Transcribe the listing below exactly, from its first line through the line with "Description: rossi combo". Omit the pictures.

Exercise input
--- START ---
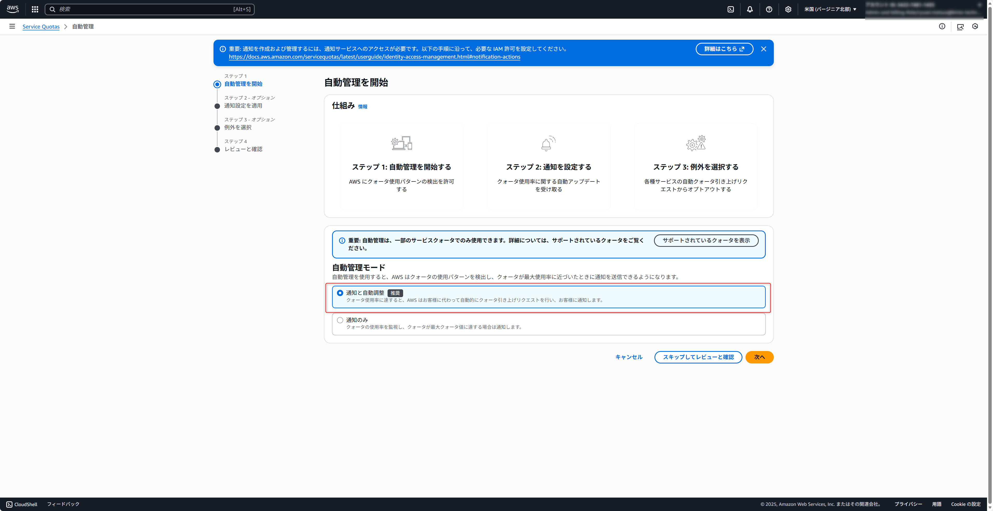 - Service Quotasの自動管理を「通知と自動調整」モードで有効化
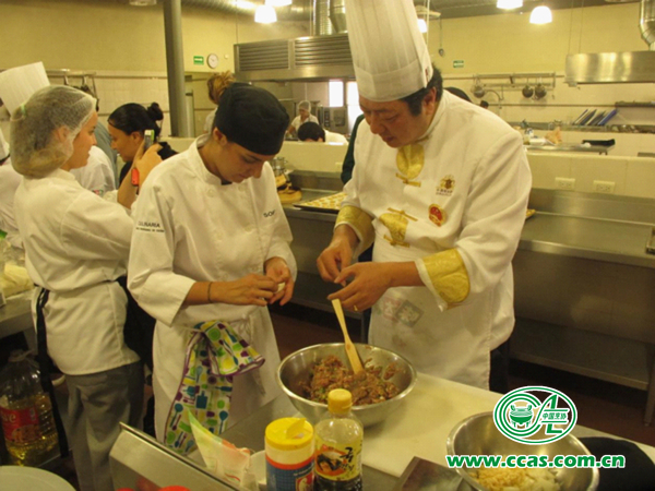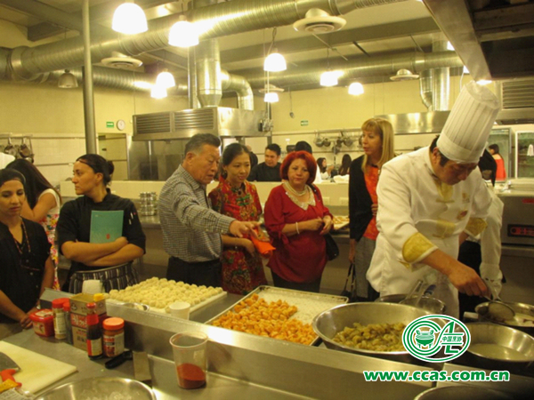 中国厨师在两所学校制作了盘丝饼、煎饺、椒盐月饼、葱油饼、孔府小桃酥、豆沙包、芦笋蛋黄焗虾球、红酒烤鸡翅等中国鲁菜精品美食,并现场进行了花式拉面表演,赢得一片赞誉。中国大厨精湛的烹饪技艺使墨西哥厨师专业师生们大开眼界。
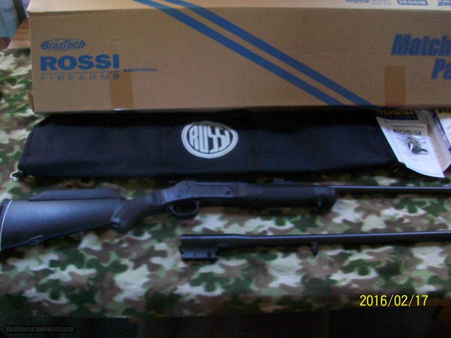 Description: rossi combo gun model S20 matched pair 223 remington barrel with fiber optic sights and weaver style scope base and 20 gauage ,modified choke with front bead both barrels are 22 inches comes with carry case for gun with both barrels,also taurus security system to lock gun from fireing new in box with all paper work for more information call 570-468-2437 SOLD |
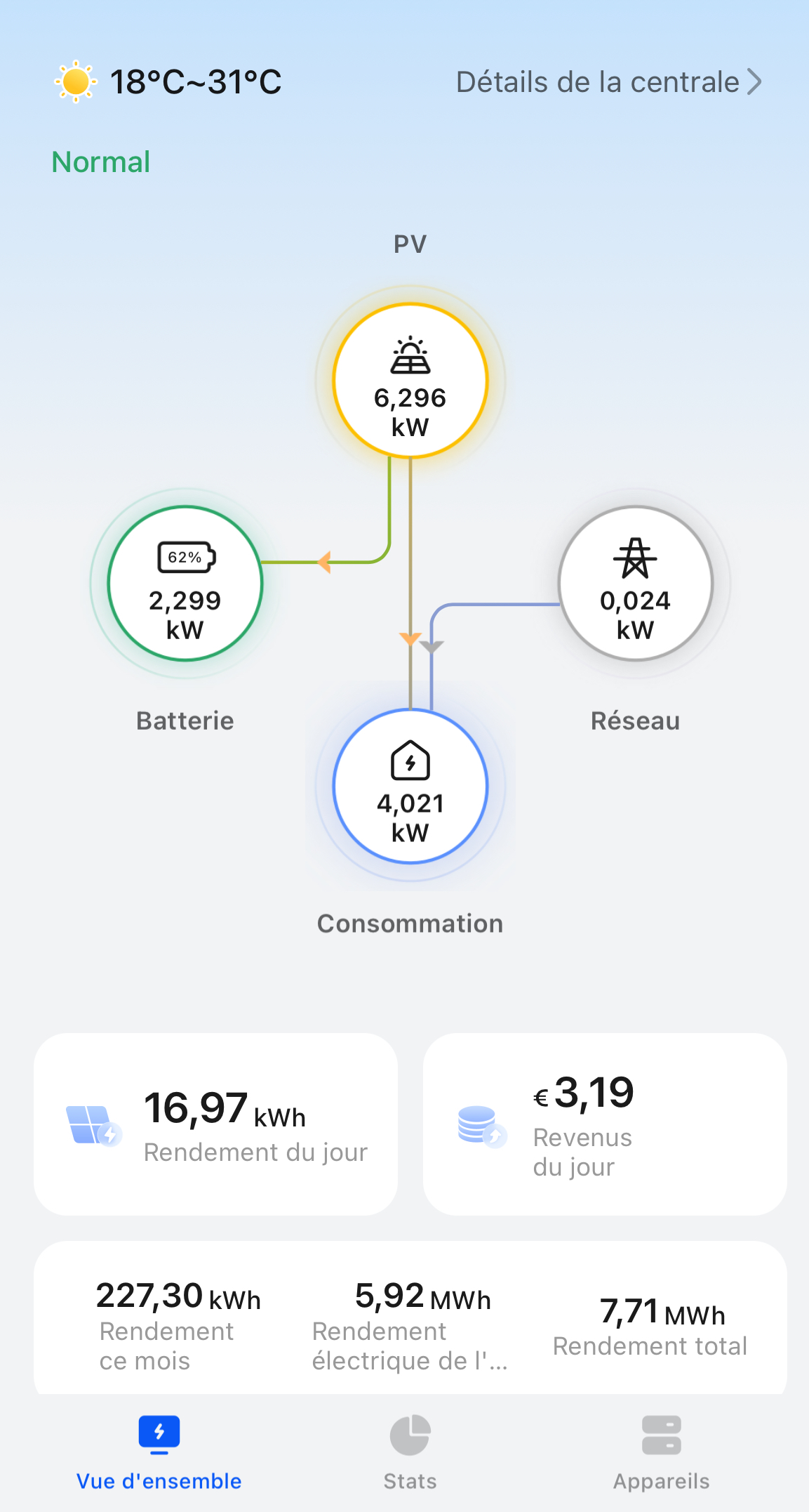 - Production d’énergie : Avec un ensoleillement de 2700 heures par an, l’installation de 3kWc peut produire environ 4000 kWh par an. À un tarif moyen de 0,18 euro par kWh, cela représente une économie annuelle de 720 euros sur la facture d’électricité.
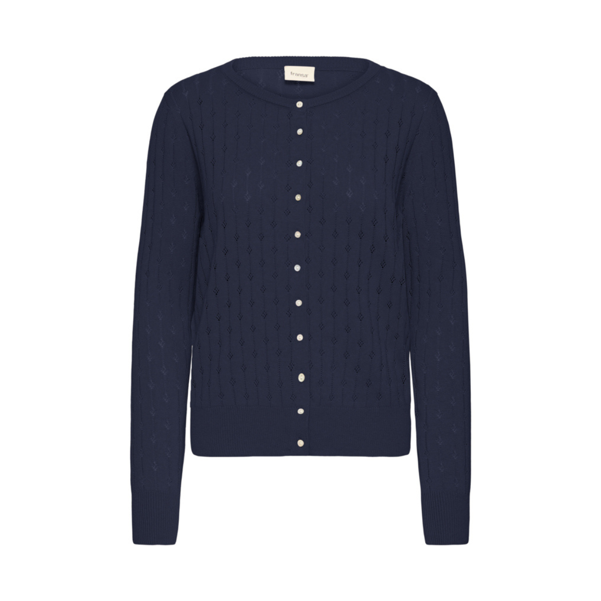 Sød cardigan fra Fransa der er gennemknappet, har lange ærmer samt et hulmønster fordelt på hele cardigan.
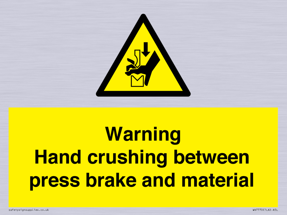 Sign Text: Warning Hand crushing between press brake and material
--- END ---
Solution for this exercise
 - Service Quotasの自動管理を「通知と自動調整」モードで有効化
 中国厨师在两所学校制作了盘丝饼、煎饺、椒盐月饼、葱油饼、孔府小桃酥、豆沙包、芦笋蛋黄焗虾球、红酒烤鸡翅等中国鲁菜精品美食,并现场进行了花式拉面表演,赢得一片赞誉。中国大厨精湛的烹饪技艺使墨西哥厨师专业师生们大开眼界。
 Description: rossi combo gun model S20 matched pair 223 remington barrel with fiber optic sights and weaver style scope base and 20 gauage ,modified choke with front bead both barrels are 22 inches comes with carry case for gun with both barrels,also taurus security system to lock gun from fireing new in box with all paper work for more information call 570-468-2437 SOLD |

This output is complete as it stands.